Bis Mai habe ich Hoffnung in eine Advokaturskanzlei zu kom­men. Gegenwärtig habe ich die meiste Zeit für mich, eine ausgezeichnet gute Kost, aber wenig, meistens gar kein Geld; in meinem Quartier ist schreckliche Unordnung, die Frau schon lange krank, wie es scheint an Wassersucht, während eines Jahres starben 3 Kinder, u. ein Rückstand aus uralten Zeiten, den man in der angegebenen Lage schon längst gern gehabt hätte, feßelt mich an Ort u. Stelle. So paart sich zar­tes mit dem Harten, u. nach Schiller giebt das einen guten Klang.

Von Politik kannst Du wahrscheinlich aus den Zeitungen so viel erfahren als ich; an maßgebenden Kreisen in Wien ist man über die österr. preusische Geschichte so wenig im Rei­nen als die Zeitungen. Das jetzige Ministerium ist aber fest entschloßen nicht nachzugeben, das weiß ich aus sicherster Quelle.

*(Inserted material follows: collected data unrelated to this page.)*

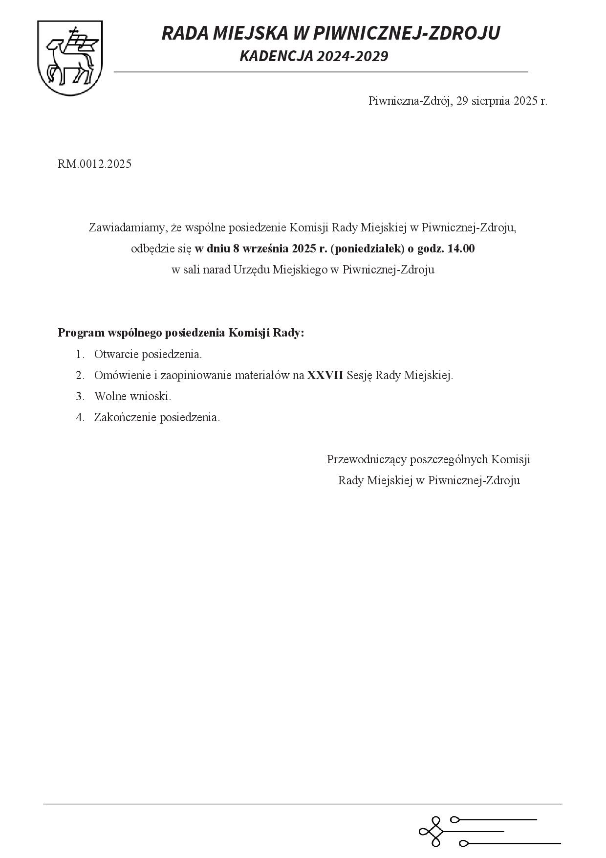 - XXVII Sesja Rady Miejskiej w Piwnicznej-Zdroju 08.09.2025 r. o godz. 16:00 (poniedziałek)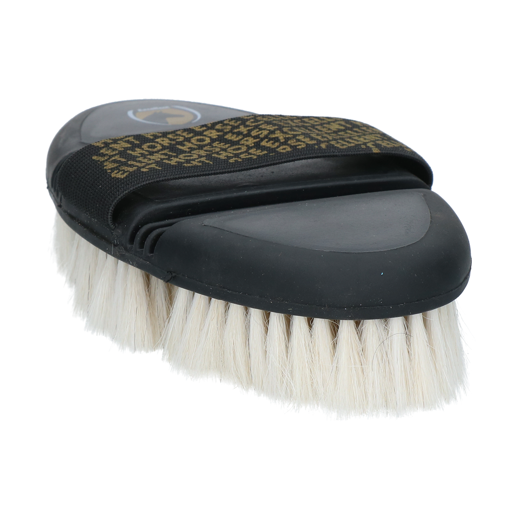Die Excellent Horse Flexi Brush Shine entfernt sanft Staub und Sand und sorgt für glänzendes Fell. Die superweichen Ziegenborsten sind ideal für geschorene Pferde und Pferde mit empfindlicher Haut. Dank des flexiblen Kopfes liegt die Bürste angenehm in der Hand und passt sich dem Körper des Pferdes optimal an.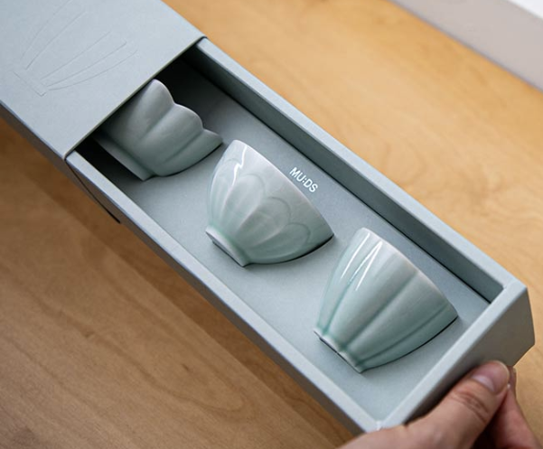 고려 상형청자의 우아한 아름다움을 그대로 옮겨 담은 막걸리잔 세트. 어른들 선물로도 인기가 많아요.

Wenn Du also die Sonderlinge fertig hast, so schreibe mir wieder einmal. Wie geht es denn meiner Mutter? den Ober­hausern, Sieberle ect. Wie ist der Prozeß von der Schmied­schen Familie in Rehmen wegen der Erbschaft ausgegangen? Hat Sanderell den Stubenrauch bekommen? Wo ist der frü­here Pfarrer v. Lech? was macht sein Buch? was Jenny? was die Schröcker-Kirche? ect. Du mußt bedenken, daß ich aus meiner Heimat so zu sagen gar nichts erfahre als von Dir, u. mir deßhalb meine Neugirde verzeihen. In Betreff der Stückleferger-Geschichte habe ich schließlich so schlechte Aussichten bekommen, daß ich einsah, daß sich kaum etwas mit Erfolg würde machen lassen. Die hier gut bezahlte Arbeit wird bei uns nicht gemacht u. ist sehr müh­sam, so daß sich auch hier die besten Arbeiterinnen kaum 4 bis 5 Sechser täglich zu verdienen im Stande sind. Auf Eins will ich Dich noch aufmerksam machen, seit Neujahr kann man von Dir zu mir 3mal schreiben, bis so viel Porto aufgeht, als früher einmal. Das wollen wir bedenken. Ich habe schon vor weiß Gott wie langer Zeit versprochen eine 3. Fotografie zu schicken, für's Thresele oder Mutter oder wer sie haben will u. noch nicht hat, hier ist sie endlich. Ich bitte Dich sie mit vielen Grüßen zu übergeben. Ferner lasse ich freundlichst grüßen Dein Wible (wohl auch theilweise in guter Hoffnung), Mutter u. Goga, dann Sieberies, Oberhausers Wible's Geschwister, Rößlewirth's Dünser ect. Der Mutter zu schreiben finde ich überflüssig, weil den Brief statt ihr nur andere Leute lesen würden, anstattdessen lasse ich sie recht herzlich grüßen. Dem Thresele lasse ich auch mein Beileid ausdrücken, endlich kommt's an Dich selbst u. es sollen sich alle Diese Grüße auch auf Dich beziehen, damit ich sie nicht noch einmal schreiben muß, wofür Du mir am Ende vielleicht nicht einmal dankbar wärest. Wer Dir diesen Brief mit Wissen u. Willen geschrieben, magst Du aus der beiliegenden Fotografie entnehmen.